Thank you for sharing your story Joanne. As you know, suicide attempt prevention is a cause near and dear to me that I write about and using my prompt in the manner that you did will help readers avoid attempts or help them help others.
I agree that suicide is neither selfish nor cowardly. Personally, I also don't see it as courageous. It doesn't have to be labeled any of those things, it just needs to be understood and those that label it selfish and/or cowardly do not understand.
You said that the deep depression that leads to suicide is so deep that one feels nothing. As I understand it, the professionals label that state anhedonia--the lack of ability to feel any pleasure from anything in life. It seems you may have been there but that your niece's call snapped you out of it--you were able to feel her love.
That story of the call coming at just the right time and it being the hand of god, or perhaps a guardian angel that prompted her to call, reminds me of this anecdote that I have included in a few of my stories and I'm sure you recall it and I am dropping it here to help others:
"During my first and mostly forgotten foray into the 12-Stepverse [way back in 1996], the rehab took us to a “meeting.” The speaker told the story of his suicidal ideation. He had terrible insomnia along with alcoholism. He would stay up nights, drinking in his basement, planning his family-annihilation-suicide. He spent many a night meticulously planning for and rigging the boiler to explode to take out himself, his wife, and his children as his loved ones slept. Then, the night he was ready to pull the switch — he fell asleep.
Listening to him tell that story was the first time I felt the follicle-exciting surge of energy pulsing through my body that announces the presence of entities from the “other side.” It was the first time I felt the presence of God in my life.

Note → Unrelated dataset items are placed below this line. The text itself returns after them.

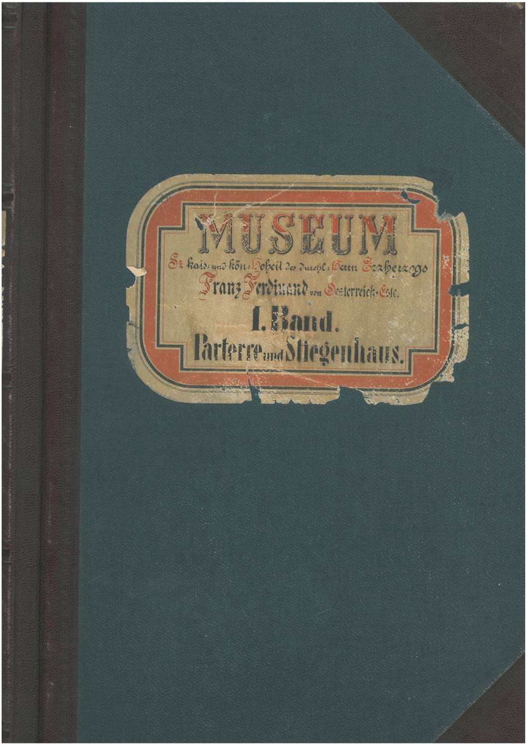 1. Band des dreibändigen handschriftlichen Inventars der im »Museum Sr. kais. und kön. Hoheit des durchl. Herrn Erzherzogs Franz Ferdinand von Oesterreich-Este« in der Beatrixgasse 25 aufgestellten Sammlungen: »Parterre und Stiegenhaus«.
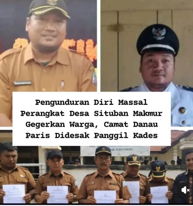 Aceh Singkil, teropongbarat.co. Pengunduran diri sejumlah perangkat Desa Situban Makmur, Kecamatan Danau Paris, Kabupaten Aceh Singkil, secara serentak mengejutkan masyarakat setempat. Peristiwa yang terjadi pada Senin (9/3/2026) itu memicu berbagai tanda tanya di tengah publik.
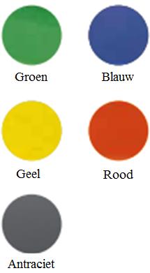 De zitjes zijn verkrijgbaar in 5 kleuren: Rood, Geel, Groen, Blauw en Antraciet.
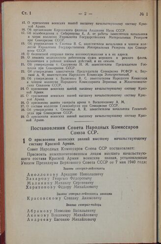 Постановление Совета Народных Комиссаров Союза ССР. О присвоении воинских званий высшему начальствующему составу Красной Армии. 20 декабря 1942 г. № 1988
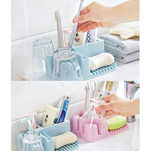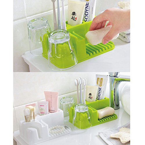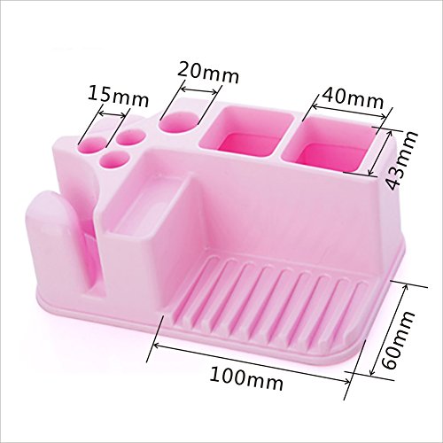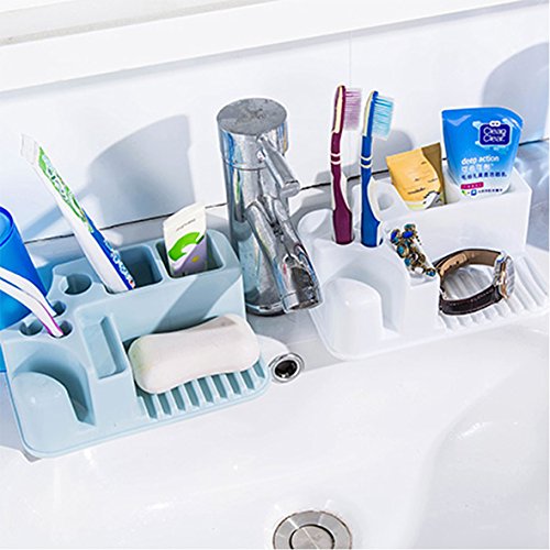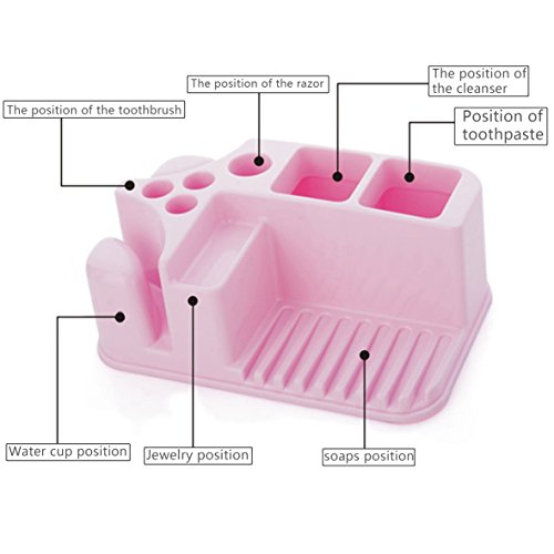 Featuring 3 holes for toothbrushes,1 hole for razor, 2 holes for toothpaste, and 2 larger space for your rinse cup,1 soap holder and one position for jewelry.
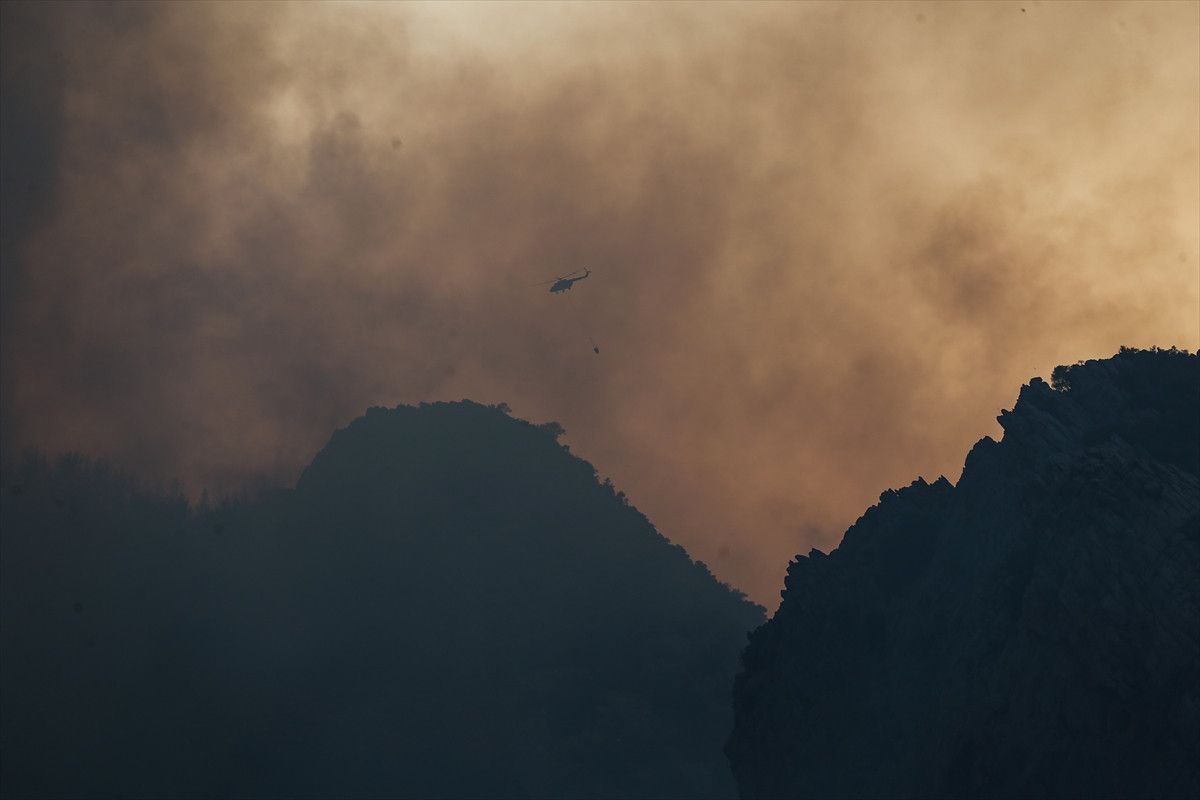 Söndürme uçağı ve helikopterlerin sabahın ilk ışıklarıyla başlayan havadan müdahalesi sürüyor.
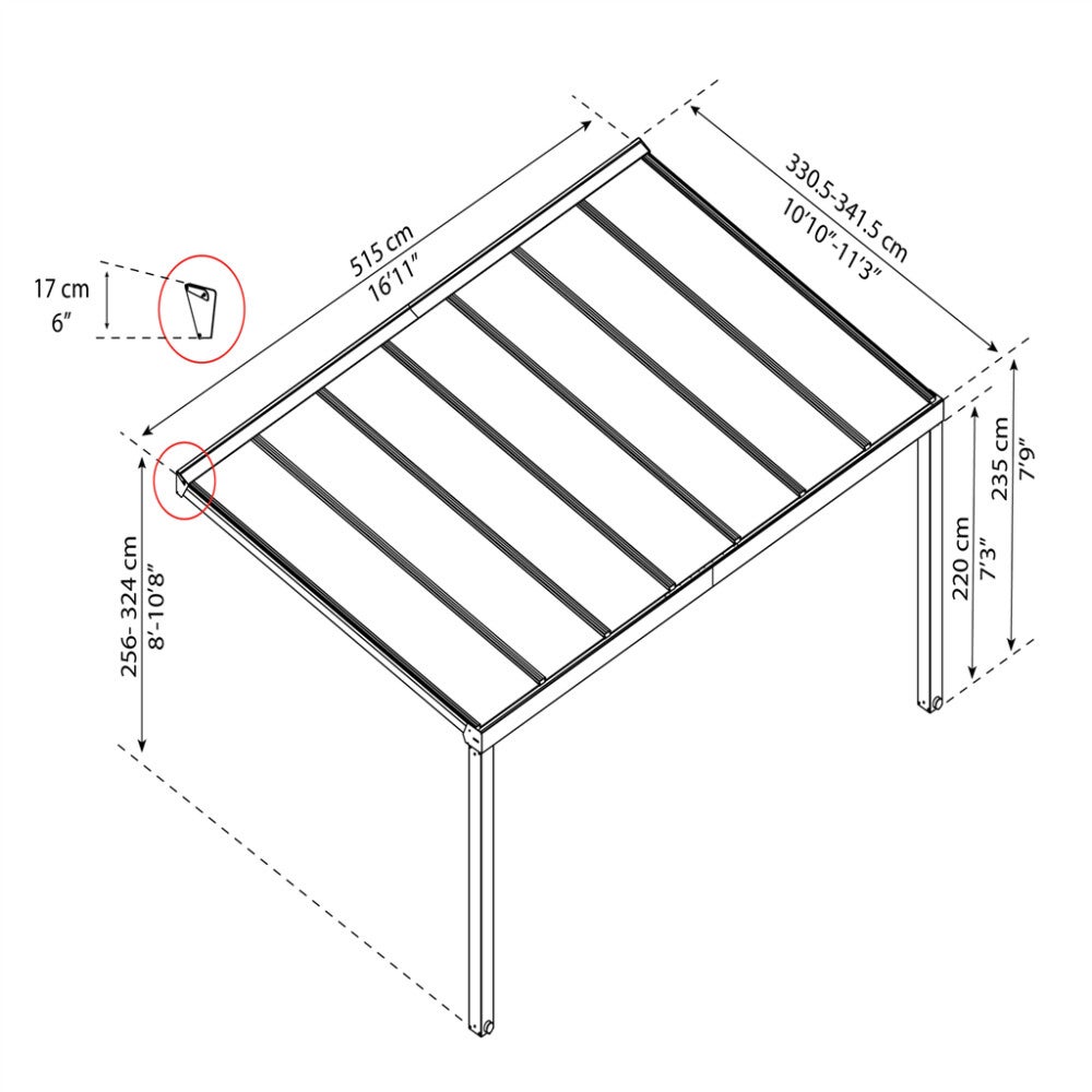 Terassikatokset mitat: leveys 515 x syvyys 330,5-341 x korkeus 256,5-324 cm
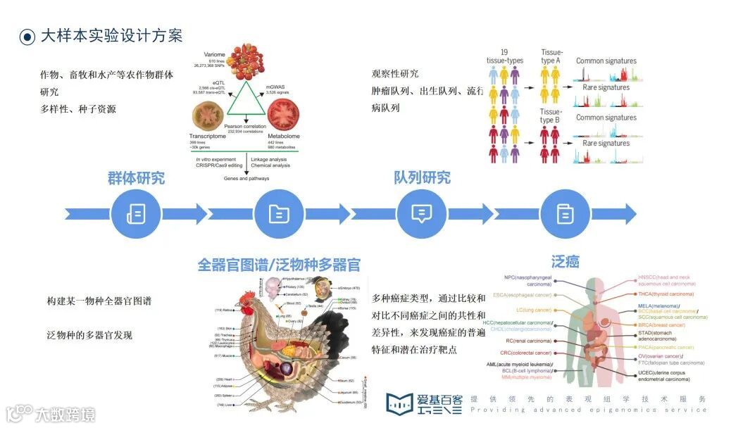 针对大样本量组学实验设计上农学和医学上有差异,农学上主要有群体研究、跨/全器官图谱、泛物种+多器官等,医学上大样本量研究主要有队列研究和泛癌分析。
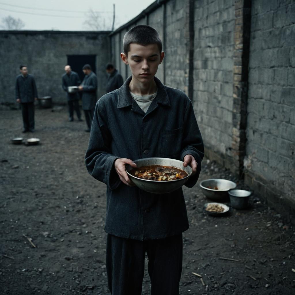 Gloomy Prison Scene with Young Inmate
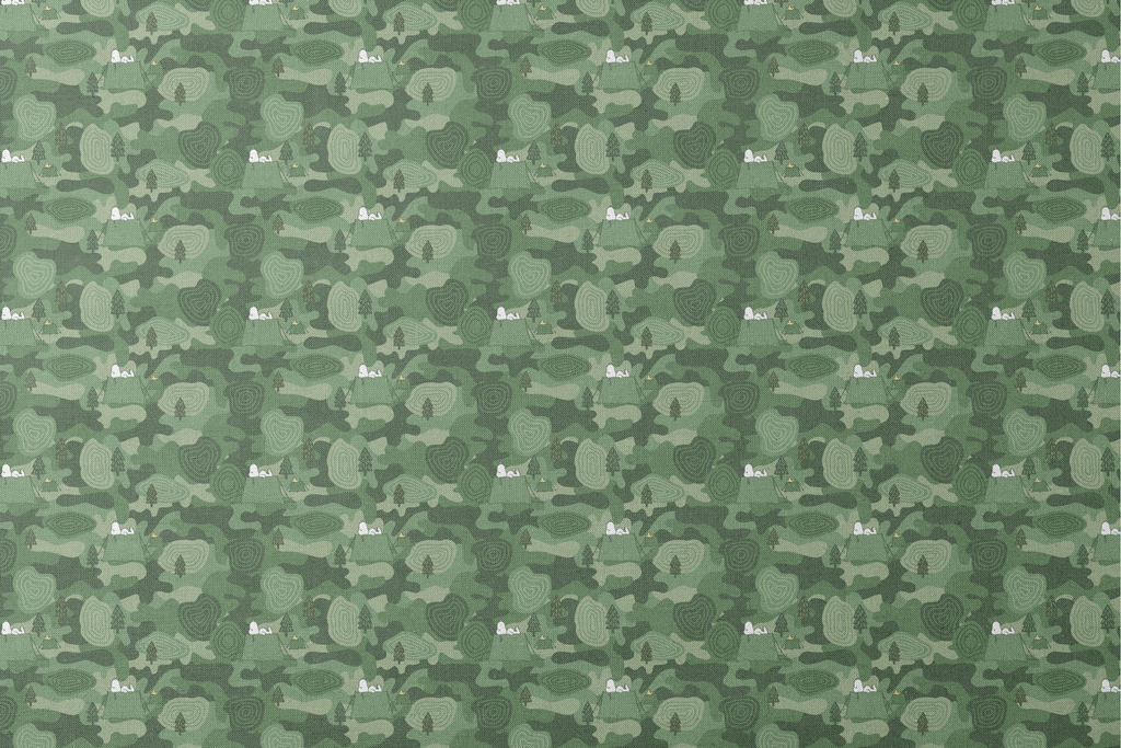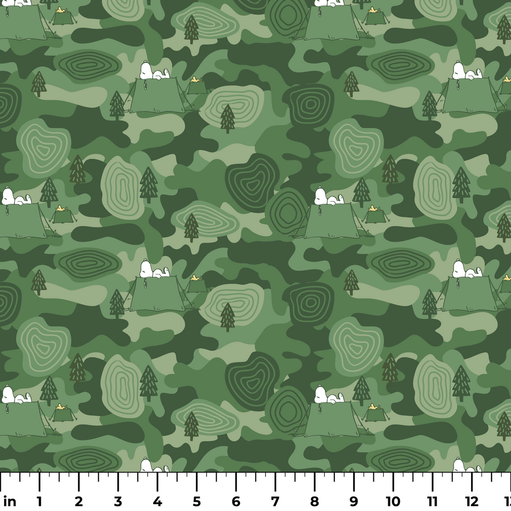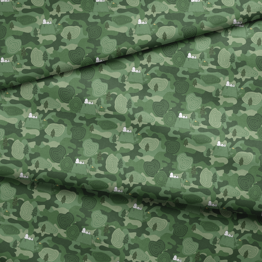 Camouflage Snoopy camping scene with green topographic pattern, small tents, pine trees, and a cozy hideaway on a mountain peak. Perfect for outdoor adventure and Snoopy lovers
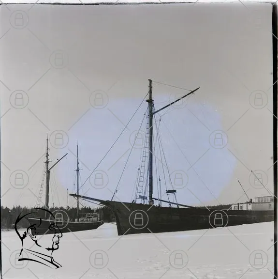 skepp, båtar, segelbåtar, vinter, is, hamn, mast, rigg, trä, svartvitt, landskap, sjö, natur, stillhet, historia, transport, marin, segling, tradition, kultur, fotokonst
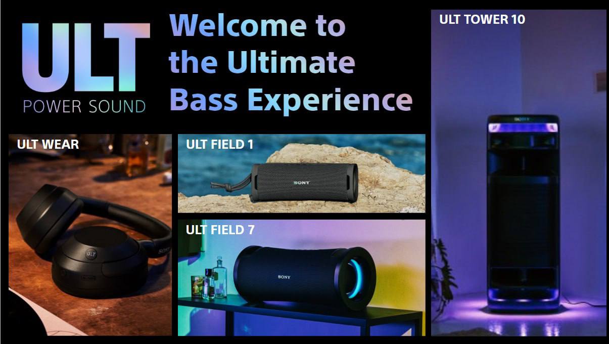 ឧបករណ៍បំពងសំឡេង ឬនិយមហៅខ្លីថា បាស សម្រាប់អ្នកចូលចិត្តបណ្ដែតអារម្មណ៍តាមរយៈដូរតន្ត្រី ចម្រៀងឮៗគុណភាពសំឡេងខ្ពស់ ក្នុងបរិយាកាសជួបជុំ ឬកម្មវិធីកម្សាន្តនានាជាក្រុម Sony ប្រកាស Wireless Speaker ខ្លួនដល់ទៅ ៣ជម្រើសតាមទំហំនិងតម្រូវការ ដូចជា ULT TOWER 10, ULT FIELD 7, ULT FIELD 1 និងកាសប្លូធូសឥតខ្សែ (wireless headphone) សម្រាប់អ្នកស្រឡាញ់ និយមស្ដាប់ចម្រៀងបែបឯកជន ឬបំពេញការងារនានា ម៉ូដែល ULT WEAR។
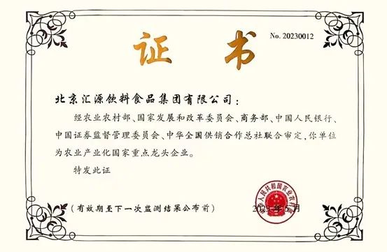 近日,农业农村部官网发布《关于公布第十次监测合格和递补农业产业化国家重点龙头企业名单的通知》,北京新新利18官网登录入口饮料食品集团有限公司(以下简称新新利18官网登录入口集团)再次上榜,获评“农业产业化国家重点龙头企业”。新新利18官网登录入口集团于2002年首次登上“农业产业化国家重点龙头企业”名单,连续保持至今,再次彰显出其在农业产业化发展中的丰硕成果与强大实力。

A presence I later forgot about for too long, but God never forgot about me."
I want to add that many people who have lost loved ones to suicide blame themselves for not making a call like your niece did, and they absolutely should not blame themselves. When a suicide is successful there is nothing anyone could have done to stop it. Our dates of death, but not the how, are "written" before we are ever born. That is why suicide is pointless and worse, very harmful to the loved ones left behind, particularly children.